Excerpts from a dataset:
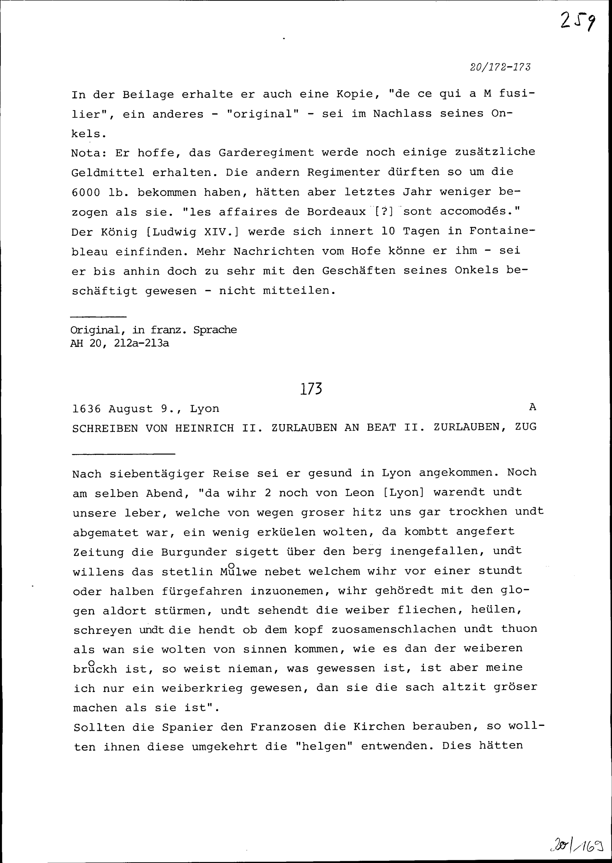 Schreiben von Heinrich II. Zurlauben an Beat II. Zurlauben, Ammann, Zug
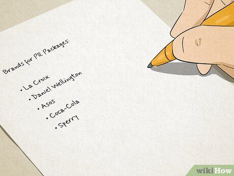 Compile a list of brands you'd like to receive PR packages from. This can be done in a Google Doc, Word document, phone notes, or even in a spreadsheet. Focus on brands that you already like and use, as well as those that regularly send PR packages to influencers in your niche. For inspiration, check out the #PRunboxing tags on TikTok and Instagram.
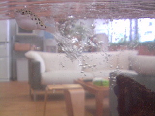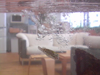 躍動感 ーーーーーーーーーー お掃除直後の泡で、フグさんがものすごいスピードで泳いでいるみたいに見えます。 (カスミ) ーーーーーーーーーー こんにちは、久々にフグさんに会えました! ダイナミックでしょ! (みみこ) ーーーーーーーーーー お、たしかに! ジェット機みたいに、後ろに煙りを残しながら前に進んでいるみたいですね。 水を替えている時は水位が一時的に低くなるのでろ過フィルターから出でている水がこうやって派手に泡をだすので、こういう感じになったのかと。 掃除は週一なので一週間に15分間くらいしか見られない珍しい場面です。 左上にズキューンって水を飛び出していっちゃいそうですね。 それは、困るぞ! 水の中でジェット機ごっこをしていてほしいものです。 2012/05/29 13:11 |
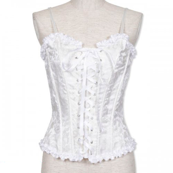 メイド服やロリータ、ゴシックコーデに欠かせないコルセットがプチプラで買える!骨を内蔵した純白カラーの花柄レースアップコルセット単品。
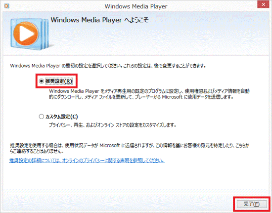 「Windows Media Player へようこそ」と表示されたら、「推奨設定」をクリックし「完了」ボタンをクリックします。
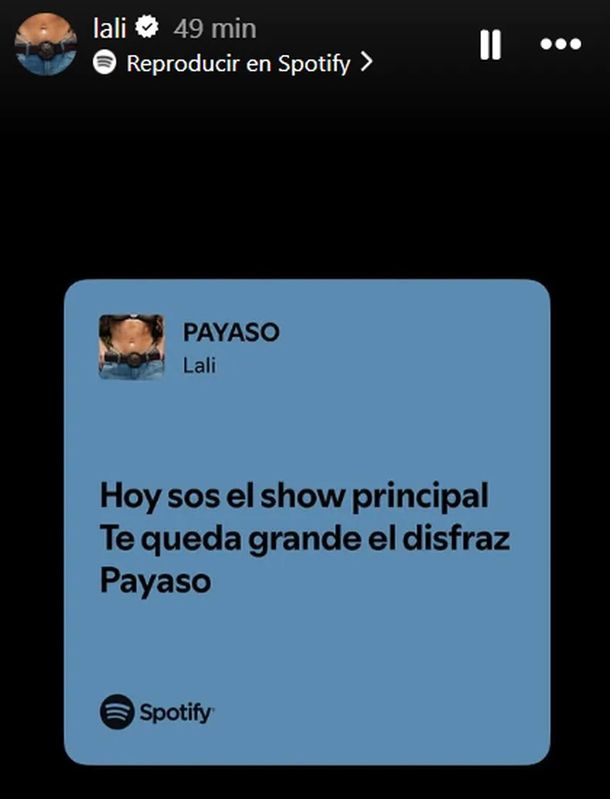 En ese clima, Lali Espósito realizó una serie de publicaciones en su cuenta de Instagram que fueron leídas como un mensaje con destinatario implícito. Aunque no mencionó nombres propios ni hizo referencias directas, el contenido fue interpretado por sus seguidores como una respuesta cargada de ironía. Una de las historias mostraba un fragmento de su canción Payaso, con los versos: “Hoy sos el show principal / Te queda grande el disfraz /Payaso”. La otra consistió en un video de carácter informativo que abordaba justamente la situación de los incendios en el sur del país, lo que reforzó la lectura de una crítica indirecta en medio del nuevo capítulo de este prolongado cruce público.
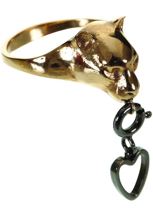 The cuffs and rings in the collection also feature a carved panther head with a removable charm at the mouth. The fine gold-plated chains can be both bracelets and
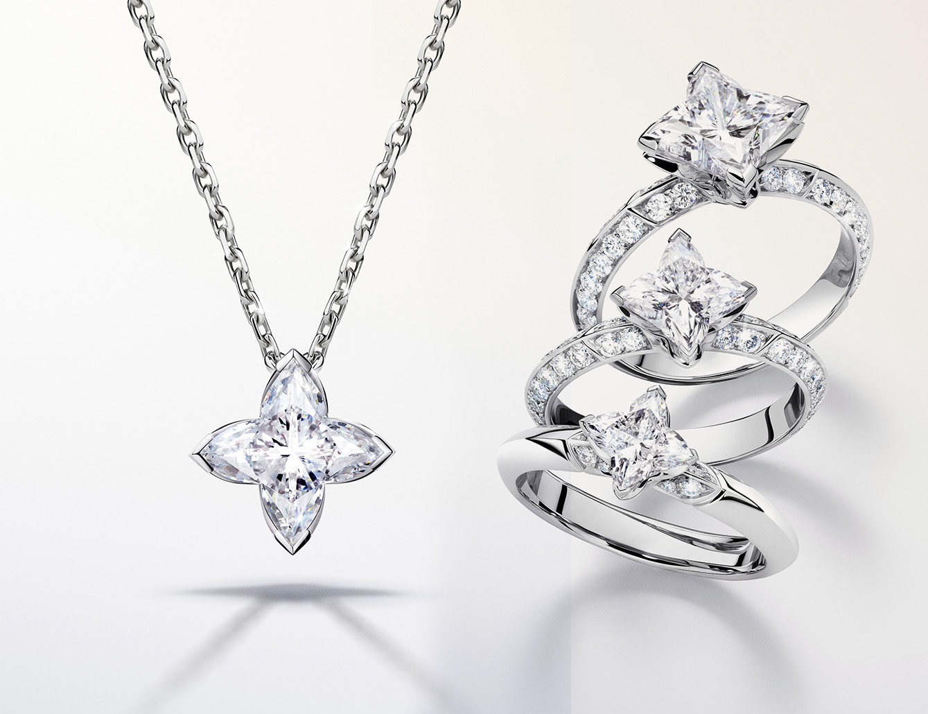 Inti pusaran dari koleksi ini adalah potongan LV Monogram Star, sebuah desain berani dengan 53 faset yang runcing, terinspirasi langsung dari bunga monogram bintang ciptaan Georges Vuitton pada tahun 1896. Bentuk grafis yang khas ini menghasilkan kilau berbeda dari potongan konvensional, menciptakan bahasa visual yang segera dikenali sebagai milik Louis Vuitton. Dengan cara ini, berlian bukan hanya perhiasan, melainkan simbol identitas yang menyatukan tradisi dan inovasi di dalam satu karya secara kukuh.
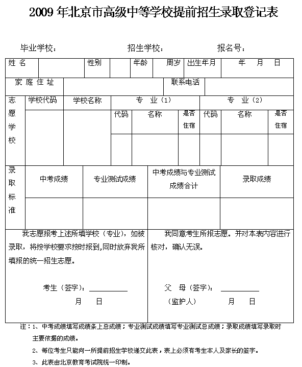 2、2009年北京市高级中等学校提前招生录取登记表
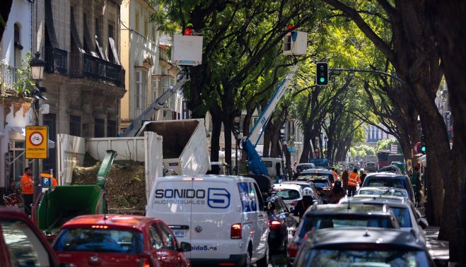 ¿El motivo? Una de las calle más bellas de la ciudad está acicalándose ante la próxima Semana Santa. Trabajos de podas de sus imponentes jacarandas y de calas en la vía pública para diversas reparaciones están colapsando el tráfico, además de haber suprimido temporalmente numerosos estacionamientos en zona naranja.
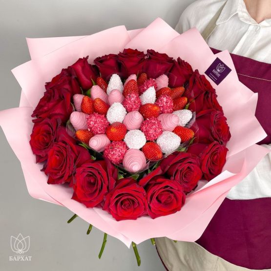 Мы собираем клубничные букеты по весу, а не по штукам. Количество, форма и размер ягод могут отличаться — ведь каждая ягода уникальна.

*INSTRUCTIONS FOR THE TASK*: Each line above that falls between the line with "2、2009年北京市高级中等学校提前招生录取登记表" and the line with "en zona naranja." should be printed exactly, together with those two lines, but the pictures should not.

*THE ANSWER*:
 2、2009年北京市高级中等学校提前招生录取登记表
 ¿El motivo? Una de las calle más bellas de la ciudad está acicalándose ante la próxima Semana Santa. Trabajos de podas de sus imponentes jacarandas y de calas en la vía pública para diversas reparaciones están colapsando el tráfico, además de haber suprimido temporalmente numerosos estacionamientos en zona naranja.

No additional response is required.